However, the end result in Unreal Engine is completely disconnected from the beautiful and flawless movement that came from A2F. This is my unlisted video with the results. Unlisted video here: A2F to UE - YouTube

I hope I was able to help by describing step by step what I did and how I did it. I have to say, I’ve already done this roughly ten times a day this week. So, I think that if I had made a mistake once or twice, it would have become apparent, especially since this is my profession, which I’ve been doing for over 23 years. I’m giving up now because I don’t think it’s up to the users. It seems that this is something that happens or changes somewhere between A2F and UE5.1 - Metahuman, and there’s nothing we can do about it.

But thank you very much for addressing this issue! I think this tool provides the best results that can be achieved on the market today. I believe that A2F has tremendous potential, but unfortunately, the significant loss of quality resulting from the Unreal integration cuts it off.

I’m looking forward and have a nice day!

Hi @daniel.magyar

Thanks for the detailed explanation.
One question, in the latter part of the video, you have 2 animation clips that looks better than the first one. how they are generated?

I guess some tweaking on the blendshape solve setup can make this better. For example you can turn on/off some blendshape poses in this UI. I suggest you turn off some of mouth shapes like “jawDropLipTowards” (this makes metahuman’s lower lip goes upward I think). You can also try turning off some depressor related shapes for tests.
Tweaking regularization parameters and symmetry setting would be nice too for details.

Even if you tweak them carefully, the auto-remapping sometimes cannot achieve the artists’ high quality. In that case, you can use Maya to tweak the animation like in this video and export to UE.

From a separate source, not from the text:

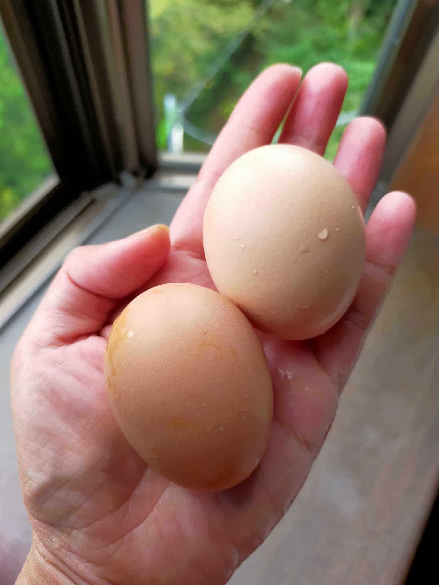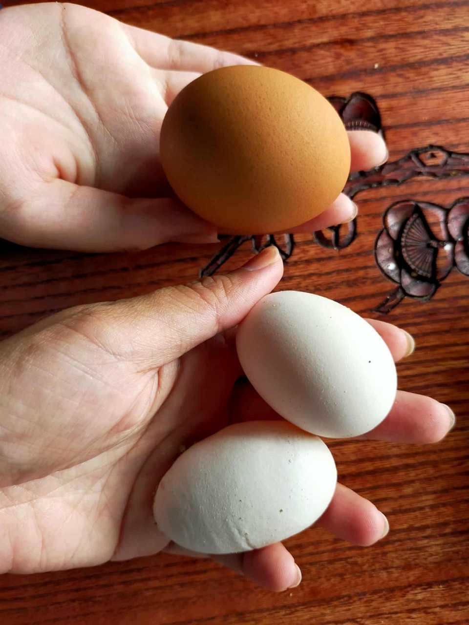 市販の卵と比較。(上の茶色いのは市販の卵)

If you still get bad animation as shown in the video after this suggestion, please let us know + please attach the .usd file you exported.

I’m sorry but the response to these issues from Nvidia is just unacceptable! Nobody wants to do all that extra work to “maybe” get an acceptable result when your software is supposed to do it all and it’s supposed to work AND you have known about this issue for like a year now!

Just fix it already and stop making excuses and stop assuming we are all doing something wrong! If you advertise a feature then it should work exactly as advertised! Period!

I suspect that you really don’t care about these animations working on MetaHumans because you have your own avatar system in the works… which is fine but then don’t claim that it works with MetaHumans and waste everyone’s time!!
Either fix your software so it does what you are claiming it can do Or remove the feature because it’s broken and you can’t fix it!

I’m upset about this because this software definitely has potential but it’s currently a big waste of time with unacceptable results.
If you still disagree then prove it! Make a step by step tutorial that shows it working … a tutorial that anyone can follow and produce the same results!

Hi @yseol

Thank you for the quick and detailed response!

I created those animations using the same setup, but the only difference is that I attempted to tweak the parameters within A2F. However, it’s apparent to everyone that they don’t come close to the same level of quality achievable within A2F. If A2F is at 100%, then the Unreal version is only at about 20%. That’s the crux of the issue. Modifying blendshapes like “jawDropLipTowards” may result in slightly better quality, but it’s not just a small difference; it’s an entirely different type of motion from the original A2F animation.

To be honest, I’m not an expert in this area, so I wouldn’t dare to criticize your work. I think what you’ve done is brilliant, and A2F will likely revolutionize the industry. However, I do notice that many subtle movements that make A2F so realistic are lost when exporting to UE. As you mentioned, the differences between the two face rigs (A2F vs. MetaHuman) are likely the root cause of the issue. Given this, I don’t see much point in tweaking the parameters since it’s unclear whether these small changes will come close to matching the original A2F motion.

But I do have a question: is there a way to transfer the face mesh to UE and replace the original MetaHuman face, like a geometry cache? What I mean is, just like how we animate the face while MetaHuman provides the hair, eyebrows, and eyelashes, can we replace the original face with a different one while leaving everything else as the MH base? I’m not sure. I’m out of ideas. This problem seems to be beyond the scope of simple users like myself who tweak parameters here and there. It feels like the only real solution is to synchronize the two facial rig systems, which is obviously a complex task.

What are your thoughts? Is there any chance we could have a session or meeting where we can share our screens and do the entire process on my computer based on your instructions? This way, we can all see what we’re doing differently or what might be causing the discrepancy between the original A2F face and the MH face.
Please DM me with the details if it’s possible.

One more thing, don’t take everything too seriously. After all, A2F is still in its early stages and it’s accessible to everyone for free. From my perspective, this is just an initial problem that the programmers will likely be able to solve easily over time. I’m feeling optimistic and rooting for you to resolve this issue as soon as possible!

Many Thanks!